Christian Understandings of the Role of Government
Oct 20, 2009 by Craig Blomberg | 2 Comments
The question was naturally raised when I blogged about health care what a New Testament take on the role of government was. This is arguably the broader issue that needs to be answered before specific questions of policy can be addressed.
The problem with answering it is that there is not much in the New Testament that directly addresses questions of government. Best known, no doubt, is Romans 13, in which authorities are said to be ordained by God. But Revelation 13 reminds us that it can become demonic as well. This would be a flat-out contradiction if Christian thought understood God and the devil as equal, opposing forces. But, as in the Judaism that birthed it, New Testament Christianity consistently viewed Satan as a subordinate, created being, dependent and contingent on God’s permissive will. As with submission to husbands, parents, masters and church leaders, then, submission to governing authorities must never be absolutized. When governments demand that Christians behave in ways that contradict his expressed will, Christians must respectfully disobey. The midwives in Moses’ day knew this, Daniel understood this, and Peter and the Twelve in Acts appealed to this principle against the Sanhedrin more than once.

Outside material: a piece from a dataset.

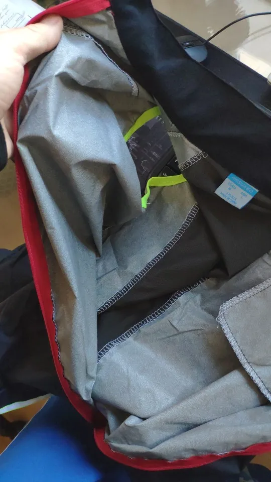 Я примерил его на выход, и мне понравилась ткань, это непродуваемая ткань, которая хорошо защищает, когда вы идете быстро, но в то же время она достаточно дышащая благодаря сетчатой ткани назад. Он очень легко удваивается и почти не занимает места. Сзади нет только маленьких карманов спереди.

But short of direct conflict between God and the government, how should Christians understand the relationship between church and state. The early Christian, pre-Constantinian response to pagan Rome was largely one of withdrawal. Christians did not participate in the army or serve in government. They found too many entangling alliances and too little opportunity to work to change “the system.” After Constantine and the legalization of Christianity in the fourth century, trends began in the Catholic Church that would eventually produce the so-called “holy Roman empire.” From a Protestant perspective, too often popes and kings throughout the Middle Ages were too closely aligned. Whether or not that was the case, the church’s goal was frequently clear: to impose its will on the world through the existing government.
Martin Luther strongly opposed this notion, articulating his two-kingdoms theory that would prove influential centuries later in the development of the American doctrine of separation of church and state. But Luther did not take things that far. Lutheran kingdoms developed in Germany and Scandinavia, but Lutheran church members were taught that sometimes they had to behave one way as individual Christians even if the (church-led) government had to act differently. The country might have to go to war, but individual believers could still try to love their enemies.

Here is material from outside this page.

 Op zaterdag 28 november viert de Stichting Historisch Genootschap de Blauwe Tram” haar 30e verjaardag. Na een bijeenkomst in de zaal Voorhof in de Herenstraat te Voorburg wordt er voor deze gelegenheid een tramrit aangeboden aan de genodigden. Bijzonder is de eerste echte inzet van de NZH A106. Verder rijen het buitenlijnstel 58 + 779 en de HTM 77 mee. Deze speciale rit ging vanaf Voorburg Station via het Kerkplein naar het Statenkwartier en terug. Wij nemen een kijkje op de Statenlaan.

John Calvin was much closer to prevailing Catholic thought as he sought to create a government for Geneva, Switzerland, consistent with his specific form of Protestant thought. The Anglicans likened the role of church to state to that of prophet to king in the Old Testament—an important servant of the government when it ruled nobly and a crucial critic when it didn’t. The Anabaptists, the so-called Radical Reformers, reacted against this by once again urging much fuller withdrawal from society. The church was to become a countercultural model of the kingdom of God on earth in ways that no mixed communities of believers and unbelievers living together could.

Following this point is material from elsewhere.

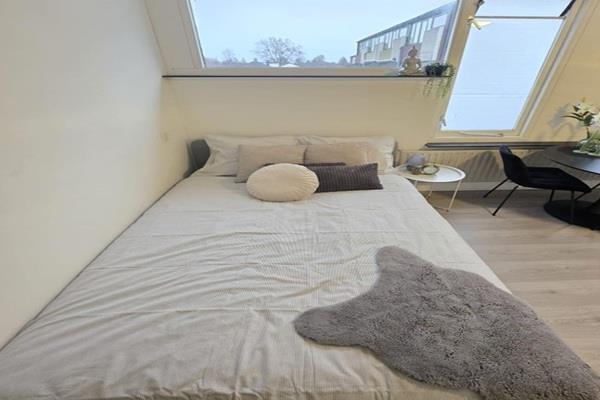 -De woon/slaapkamer beschikt over een mooie laminatenvloer

All of these models can find New Testament support and it is not clear that only one of them is right for all situations. In democracies like ours, Christians as citizens have the right and responsibility to work toward electing politicians, enacting legislation and appointing justices whose views are consistent with theirs, and hopefully consistent with the Bible, just as all other members of society do. Unfortunately, within the last generation of evangelicalism and liberalism, each side has chosen to apply this strategy very selectively. So one group is eager to use government in support of its views concerning abortion and homosexual behavior but then abdicates its responsibility to use the same mechanisms for helping the poor or providing adequate health care. The other group excels at times with the latter but often fails with the former. Ron Sider’s long-standing vision of Christians seeking a “completely pro-life” platform inculcating biblical values on all of these (and other) issues seems more lacking today than ever.